• EXERCISE DIRECTIONS
Scan the records below for the line with "The first step" and the line with "Mother and kids playing at beach", and retype that range exactly, both ends included, pictures excepted.

[[ EXCERPTED RECORDS open ]]

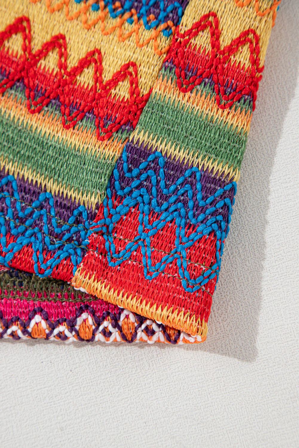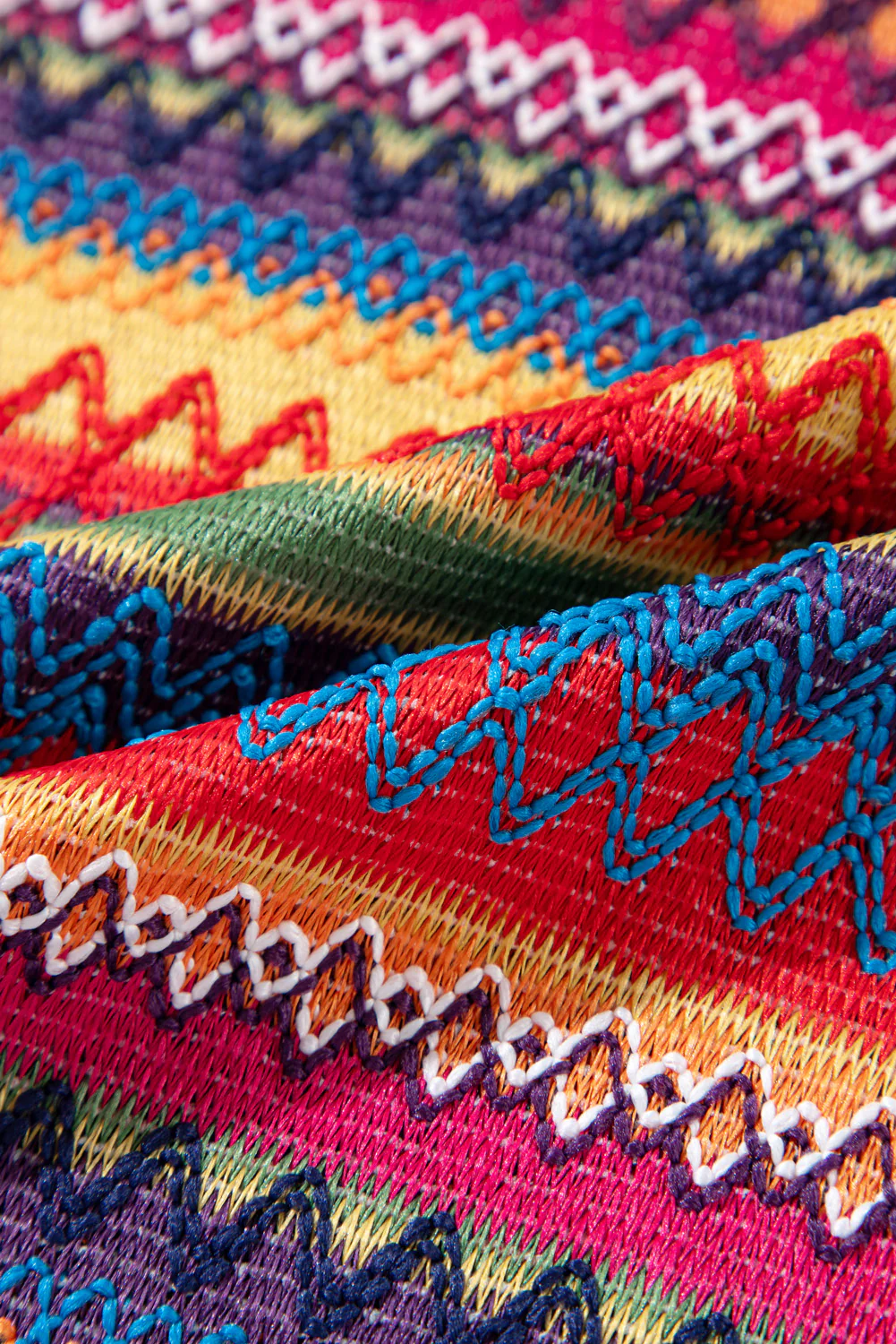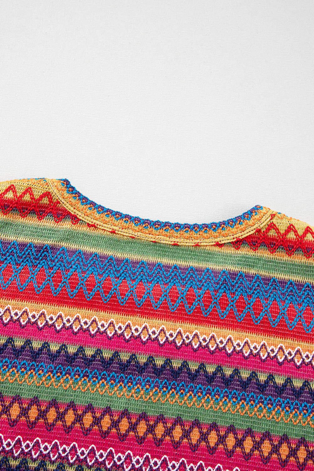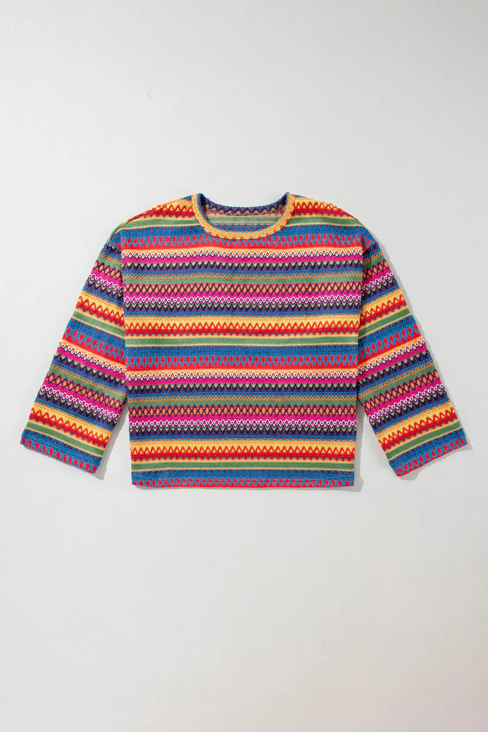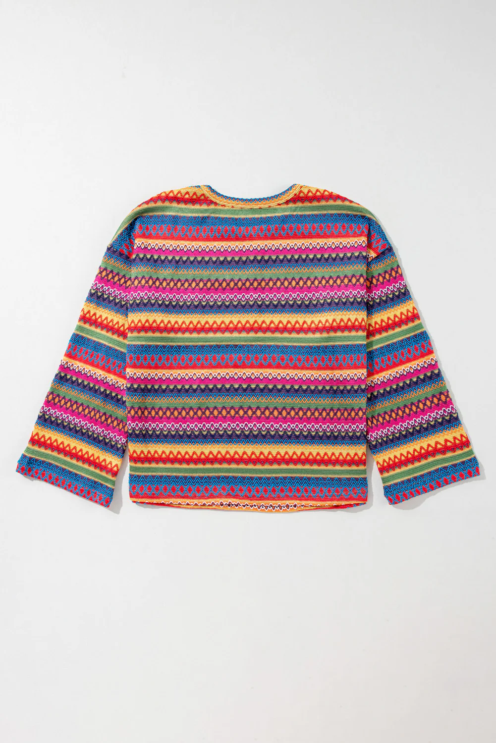 Red Ethnic Striped Print Long Sleeve Plus Size Top
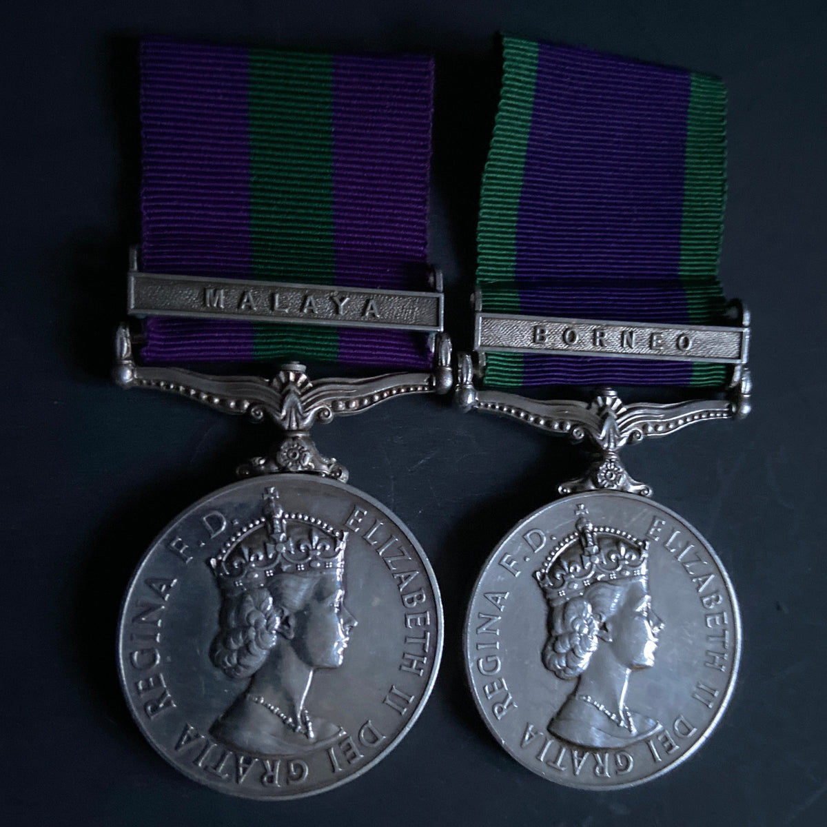 General Service Medal, Malaya clasp/ General Service Medal, Borneo clasp pair, to 23232184 Sergeant R. Bowes, Royal Signals
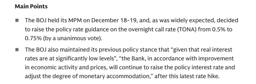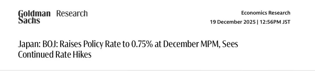 高盛日本团队12月19日发布研报,日央行如期加息25bp至0.75%,全票通过。
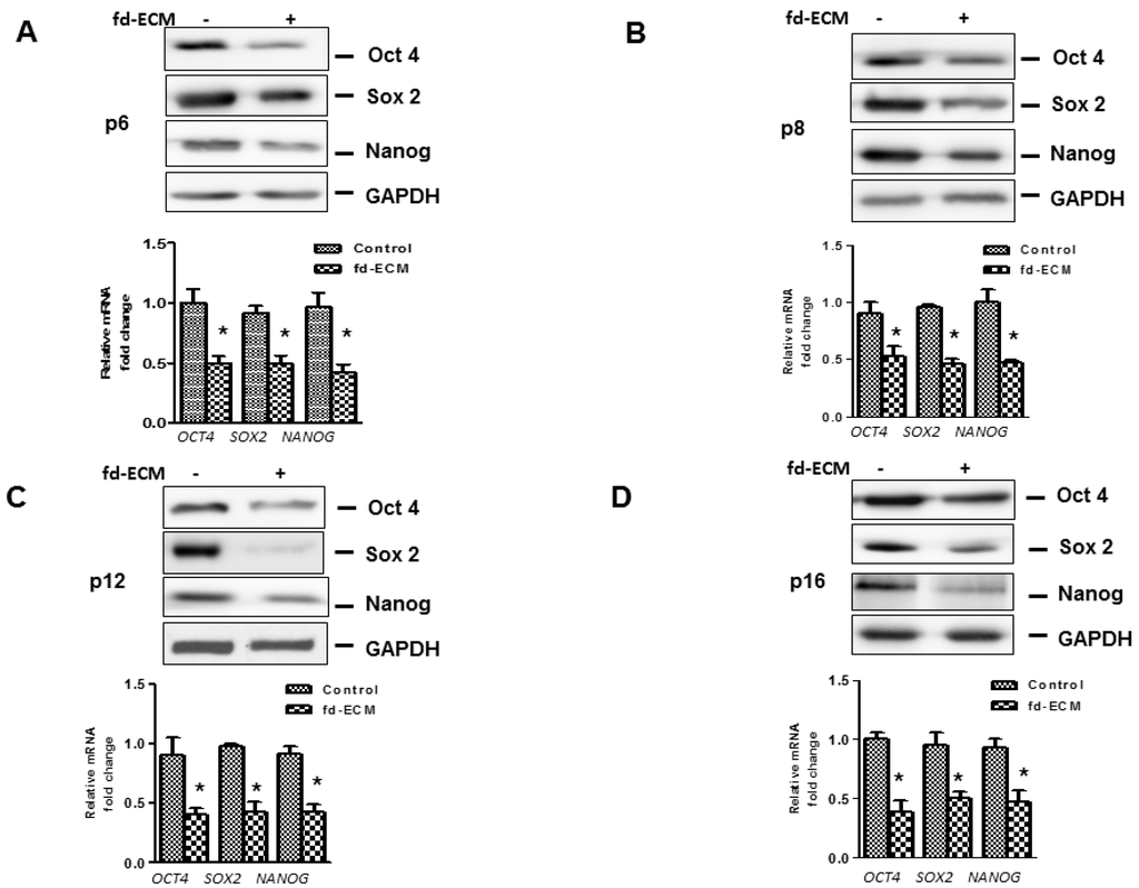 Fd-ECM downregulates pluripotency genes expression over several passages. Ad-MSCs were cultured on plastic dishes (−) or on fd-ECM (+) for the indicated passages (A) Protein and mRNA levels of Oct4, Sox2, and Nanog were determined in ad-MSCs lysates and mRNA at passage 6; (B) Protein and mRNA levels of OCT4, SOX2, and NANOG were evaluated in ad-MSCs lysates and mRNA at passage 8; (C) Protein and mRNA levels of OCT4, SOX2, and NANOG were evaluated in ad-MSCs lysates and mRNA at passage 12; and (D) Protein and mRNA levels of OCT4, SOX2, and NANOG were determined in ad-MSCs lysates and mRNA at passage 16. * p < 0.05.
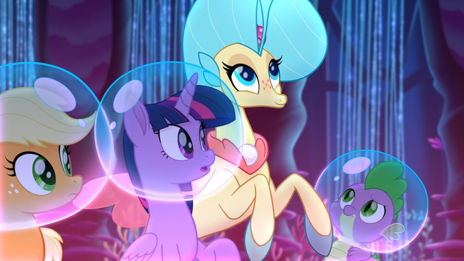 The ponies' signature visual style has evolved into something like Lisa Frank anime—a swirling pinkish, purply miasma of flattened expressiveness. The underlying mythology has expanded, too. A benevolent monarchy supports the twinkly adventures of Twilight Sparkle (Tara Strong) and other Mane Six principals.
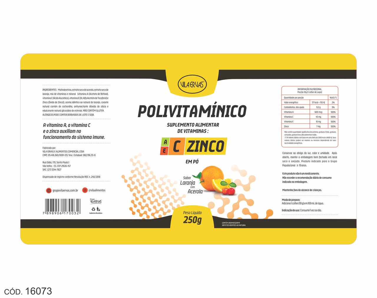 ETIQUETA 123X237/1 BOPP DURALYTE VILA ERVAS POLIVITAMINICO 250G (1000UNID)K Ref: 16073
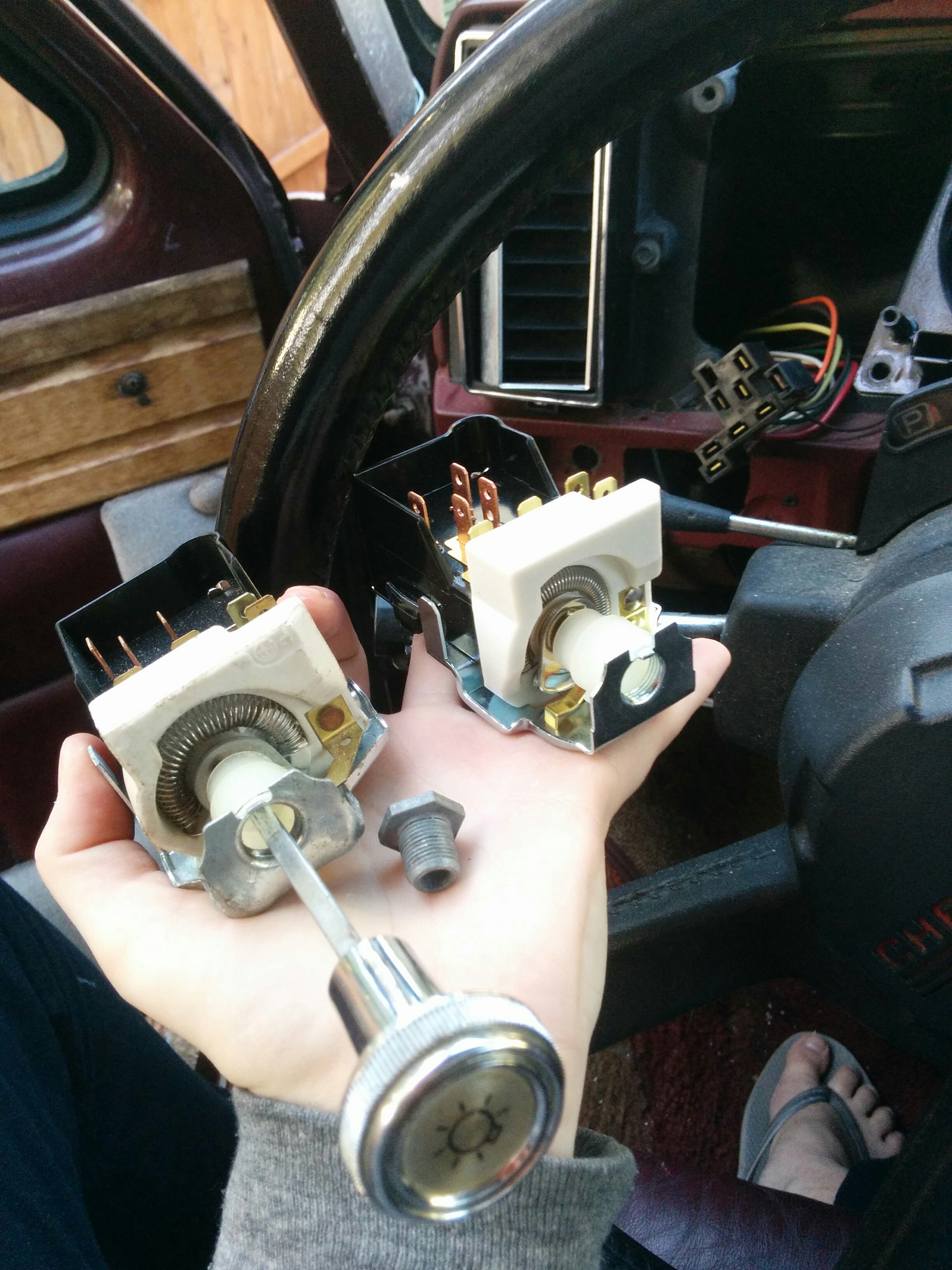 The first step was to replace the light-dimming rheostat. You pulled the rod out to turn the headlights on, and you could rotate the knob to dim your gauge cluster by your preferred amount. Mine was very stiff and uncooperative, so I replaced it with a $23 ACDelco and sprayed contact cleaner on the van connector. This helped a little bit. After some research, I found that I could also upgrade the gauge cluster with led lights.
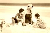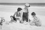 Mother and kids playing at beach
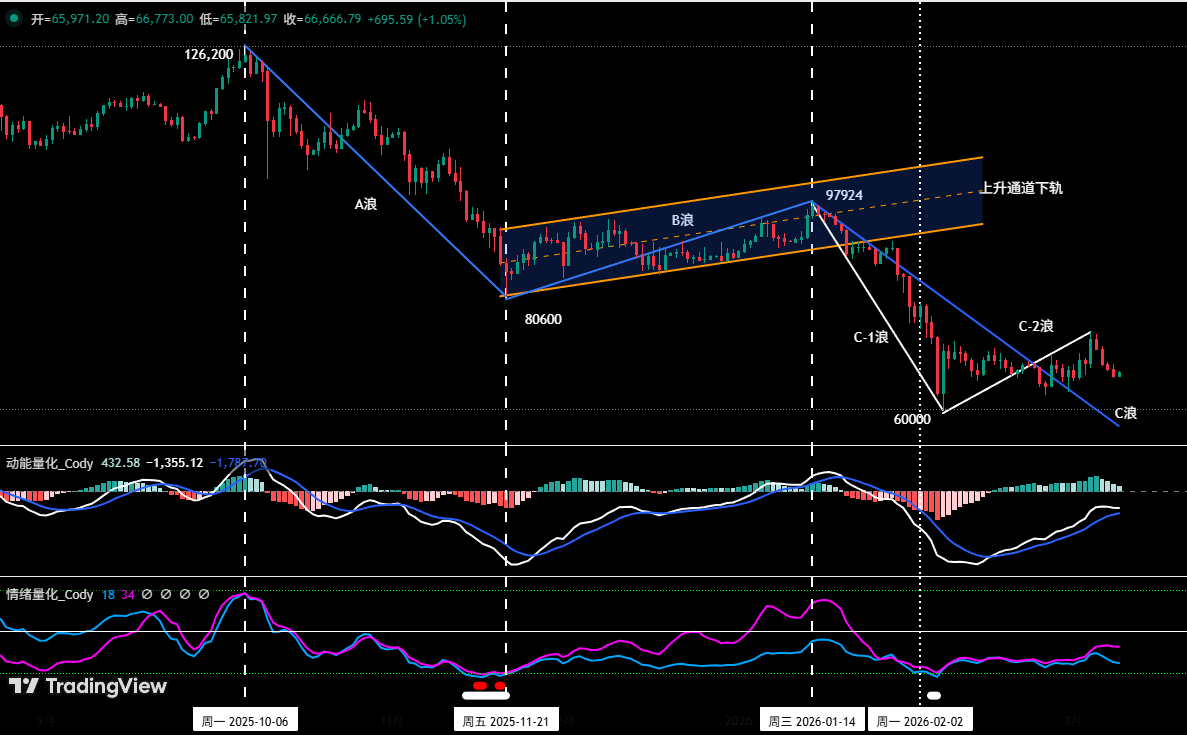 • We maintain the previous core analysis framework: The upward move in Bitcoin starting from the low on February 6 (approx. $60,000) is, in nature, an oversold rebound within the large-scale C wave correction, specifically the C-2 wave. This is expected to be followed by a C-3 wave corrective行情 (market movement).

[[ EXCERPTED RECORDS closed ]]

• EXERCISE ANSWER
 The first step was to replace the light-dimming rheostat. You pulled the rod out to turn the headlights on, and you could rotate the knob to dim your gauge cluster by your preferred amount. Mine was very stiff and uncooperative, so I replaced it with a $23 ACDelco and sprayed contact cleaner on the van connector. This helped a little bit. After some research, I found that I could also upgrade the gauge cluster with led lights.
 Mother and kids playing at beach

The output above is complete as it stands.